A good benchmarking loop has two requirements:

1. **Fast rollback.** Each run mutates the state on disk, so the baseline must be restored
before the next run. If the rollback takes hours, the iteration loop is dead.
2. **Faithful measurement.** The numbers must reflect the workload, not the rollback
machinery. Overhead matters, but variance matters more. If a benchmark varies by 10%
between runs, an improvement of 5% is not visible.

The two requirements are in tension. Any mechanism that makes rollback fast has to remember
something about the pre-run state, and every such mechanism leaves a trace in the read or
write path. The common approaches trade one requirement against the other:

- **Full copy of the volume.** The benchmark runs against a plain filesystem, with no
tracking in the hot path - faithful.

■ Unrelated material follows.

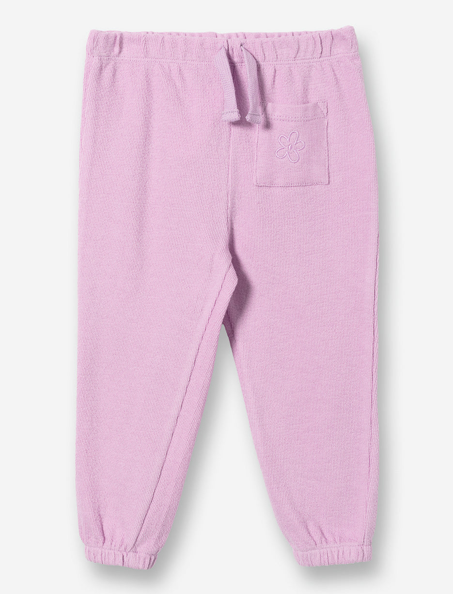 Confortable et mignon! Ce pantalon ouaté pour bébé fille offre une taille élastique avec cordon pour un ajustement parfait. Confectionné en terry doux, il arbore un design uni avec poche et élastiques aux chevilles. Idéal pour les jours de détente!

But on a multi-TB dataset one copy takes hours, so the
iteration loop is impractical.
- **Copy-on-write filesystems** (ZFS, btrfs). Rollback is fast. But every write passes
through the CoW layer, and successive runs fragment the dataset differently. Both the
overhead and the layout drift enter the numbers.
- **LVM thin with the overlay on a separate disk.** Rollback is fast. But reads come from
one disk and writes go to another. This is not the IO topology of production, so we are
benchmarking a different system.

schelk tries to satisfy both. The observation is simple: a typical benchmark writes only a
small fraction of the volume. If we know *exactly which blocks* were written, we can restore
the scratch volume by copying only those blocks from a pristine **virgin** volume. Rollback
takes seconds in most cases, rather than hours. During the benchmark itself, the workload
runs against a plain ext4 filesystem on a real NVMe device, with no overlay and no write
redirection.

## How it works

schelk operates on two equal-size block devices: a **virgin** volume that holds the pristine
baseline, and a **scratch** volume that is mounted and used by the benchmark. At `init` time,
schelk makes scratch byte-identical to virgin. This is done either by creating a fresh ext4 on
both volumes, or by copying an existing virgin over. After initialization, both volumes belong
to schelk and should not be touched directly.

When `mount` is run, schelk places a `dm-era` device-mapper target on top of scratch. dm-era
records every written block into metadata that lives on the ramdisk. The benchmark runs
against the mounted filesystem as normal. dm-era does not redirect reads or writes; it only
records which blocks were written.

When `recover` is run, schelk unmounts the filesystem, asks dm-era for the list of blocks
that were written since the last baseline, and copies exactly those blocks from virgin back to
scratch. Recovery time is proportional to the number of written blocks, not to the size of the
volume, so it does not matter how long the benchmark ran.

A separate `promote` operation does the reverse: it copies the written blocks from scratch
onto virgin, so that the current state becomes the new baseline. This is useful after a schema
migration, or after a snapshot load that should persist across future runs.

## Pre-requisites

### Hardware

- Two block devices of equal size, one for **virgin** and one for **scratch**. Each must be
large enough to hold the dataset.[^1]
- A ramdisk for dm-era metadata. The exact size depends on the internals of dm-era rather
than on the workload, so a precise formula is hard to give. As a rule of thumb, 4 GiB is
sufficient for a 1.7 TiB drive at 4 KiB granularity.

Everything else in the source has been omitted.